Task goal.
From the data below, return the exact lines starting at the line containing "Immunity is the" and ending at the line containing "We walked over", both included, and nothing else.

Records shown.
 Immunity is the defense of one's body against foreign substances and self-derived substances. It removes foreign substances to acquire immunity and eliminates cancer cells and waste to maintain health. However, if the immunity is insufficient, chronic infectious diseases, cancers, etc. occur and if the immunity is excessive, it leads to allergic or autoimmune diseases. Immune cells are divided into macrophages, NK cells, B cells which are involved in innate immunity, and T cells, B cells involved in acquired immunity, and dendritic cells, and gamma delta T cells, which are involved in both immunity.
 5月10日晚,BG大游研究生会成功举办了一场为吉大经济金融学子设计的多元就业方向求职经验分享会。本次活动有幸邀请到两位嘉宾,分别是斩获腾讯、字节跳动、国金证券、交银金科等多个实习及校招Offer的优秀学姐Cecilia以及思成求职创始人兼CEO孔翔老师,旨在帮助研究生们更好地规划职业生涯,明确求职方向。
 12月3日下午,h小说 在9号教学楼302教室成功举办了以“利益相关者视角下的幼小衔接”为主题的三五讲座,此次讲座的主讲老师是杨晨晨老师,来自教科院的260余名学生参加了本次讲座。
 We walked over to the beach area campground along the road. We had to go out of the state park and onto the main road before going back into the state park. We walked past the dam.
...
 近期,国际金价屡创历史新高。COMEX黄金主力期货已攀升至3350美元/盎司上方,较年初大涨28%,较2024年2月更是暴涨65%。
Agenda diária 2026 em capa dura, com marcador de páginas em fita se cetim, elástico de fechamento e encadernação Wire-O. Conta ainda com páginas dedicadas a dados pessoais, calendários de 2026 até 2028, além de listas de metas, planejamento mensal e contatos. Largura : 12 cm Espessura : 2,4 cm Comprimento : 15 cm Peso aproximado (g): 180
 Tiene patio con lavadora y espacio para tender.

Answer below.
 Immunity is the defense of one's body against foreign substances and self-derived substances. It removes foreign substances to acquire immunity and eliminates cancer cells and waste to maintain health. However, if the immunity is insufficient, chronic infectious diseases, cancers, etc. occur and if the immunity is excessive, it leads to allergic or autoimmune diseases. Immune cells are divided into macrophages, NK cells, B cells which are involved in innate immunity, and T cells, B cells involved in acquired immunity, and dendritic cells, and gamma delta T cells, which are involved in both immunity.
 5月10日晚,BG大游研究生会成功举办了一场为吉大经济金融学子设计的多元就业方向求职经验分享会。本次活动有幸邀请到两位嘉宾,分别是斩获腾讯、字节跳动、国金证券、交银金科等多个实习及校招Offer的优秀学姐Cecilia以及思成求职创始人兼CEO孔翔老师,旨在帮助研究生们更好地规划职业生涯,明确求职方向。
 12月3日下午,h小说 在9号教学楼302教室成功举办了以“利益相关者视角下的幼小衔接”为主题的三五讲座,此次讲座的主讲老师是杨晨晨老师,来自教科院的260余名学生参加了本次讲座。
 We walked over to the beach area campground along the road. We had to go out of the state park and onto the main road before going back into the state park. We walked past the dam.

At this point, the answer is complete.